There is no portion of Sheridan's political life which is more honorable than his services to freedom during the stormy period between 1793 and 1801. It was a time of extreme opinions. The French Revolution had unsettled the largest intellects of the age, and seditious and despotic principles clashed violently against each other. The Tories, to preserve order, seemed bent on destroying freedom; and the radicals, enraged at the attacks on freedom, or deluded by the abstract commonplaces of the French school, overlooked order in their struggle against oppression. Fox, Sheridan, Grey, Tierney, Erskine, were the nucleus of a legal opposition to the ministry, and, at the head of a small minority of Whigs, defended the free principles of the constitution against the court, the administration, and popular clamor. Sheridan adhered generally to his party, though he contrived to escape some of their glorious unpopularity by giving a hearty support to the government on a few trying occasions. His various speeches during this period display his usual brilliancy, with passages here and there of powerful declamation. It is needless to say that his dissipation and debts were on the increase. His patriotism was not allowed to dull the edge of his sensuality. In his habits of mystification, too, in the preparation of his speeches, he displayed his customary cunning.
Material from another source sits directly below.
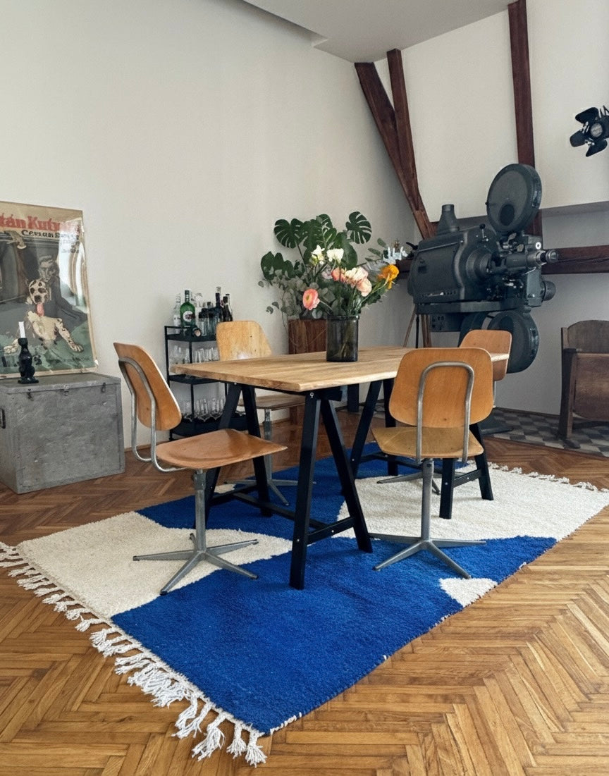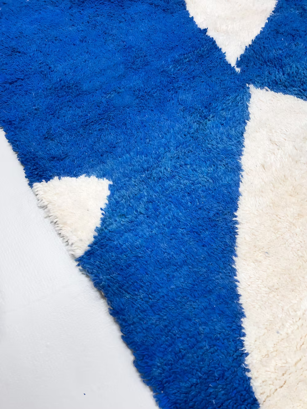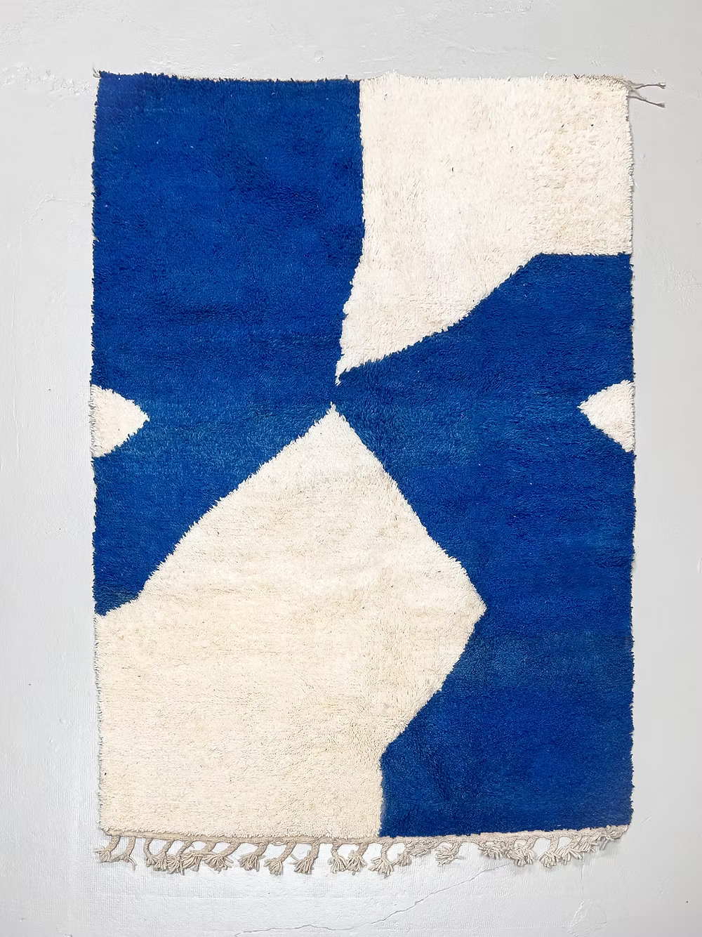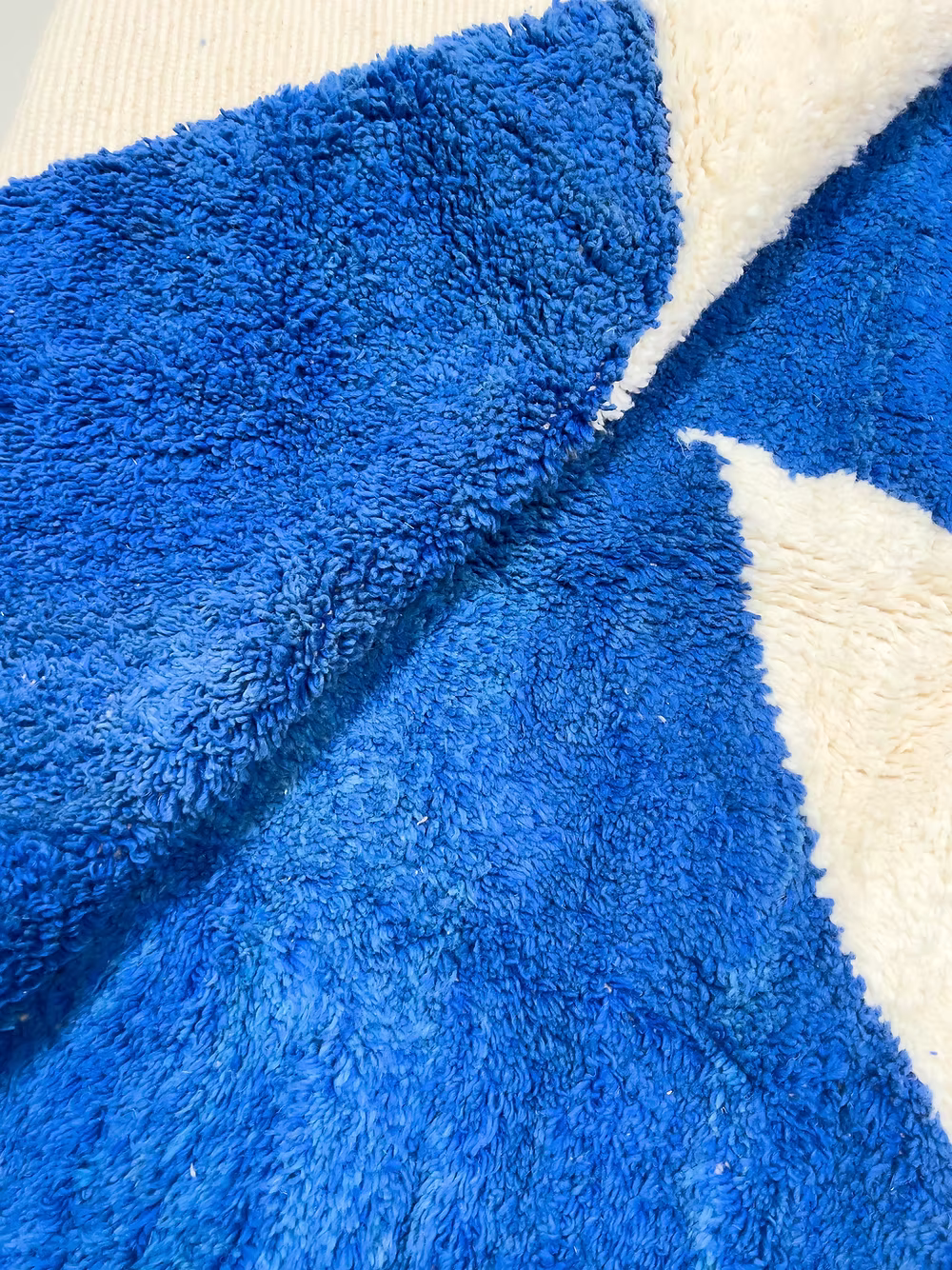 Handwoven in the Atlas Mountains by Berber women, this authentic Beni Ouarain rug carries the calm strength of tradition and the vivid soul of Majorelle blue. Its creamy wool base meets geometric blue lines that recall desert paths under the morning sky. Soft, timeless, and deeply rooted in Moroccan heritage — a piece that tells a story with every thread.

In 1794, when called upon, as one of the prosecutors of Hastings, to reply to Mr. Law, he spent two or three days in such close application to reading and writing, as to complain to a friend of having motes in his eyes. When he entered Westminster Hall, he was asked by one of his brothermanagers for his bag and papers. He answered, that he had none, and must get through with his speech as he best might;

"he would abuse Ned Law, ridicule Plumer's long orations, make the court laugh, please the women, and, in short, go triumphantly through his task." Much to the surprise of the managers, he succeeded admirably.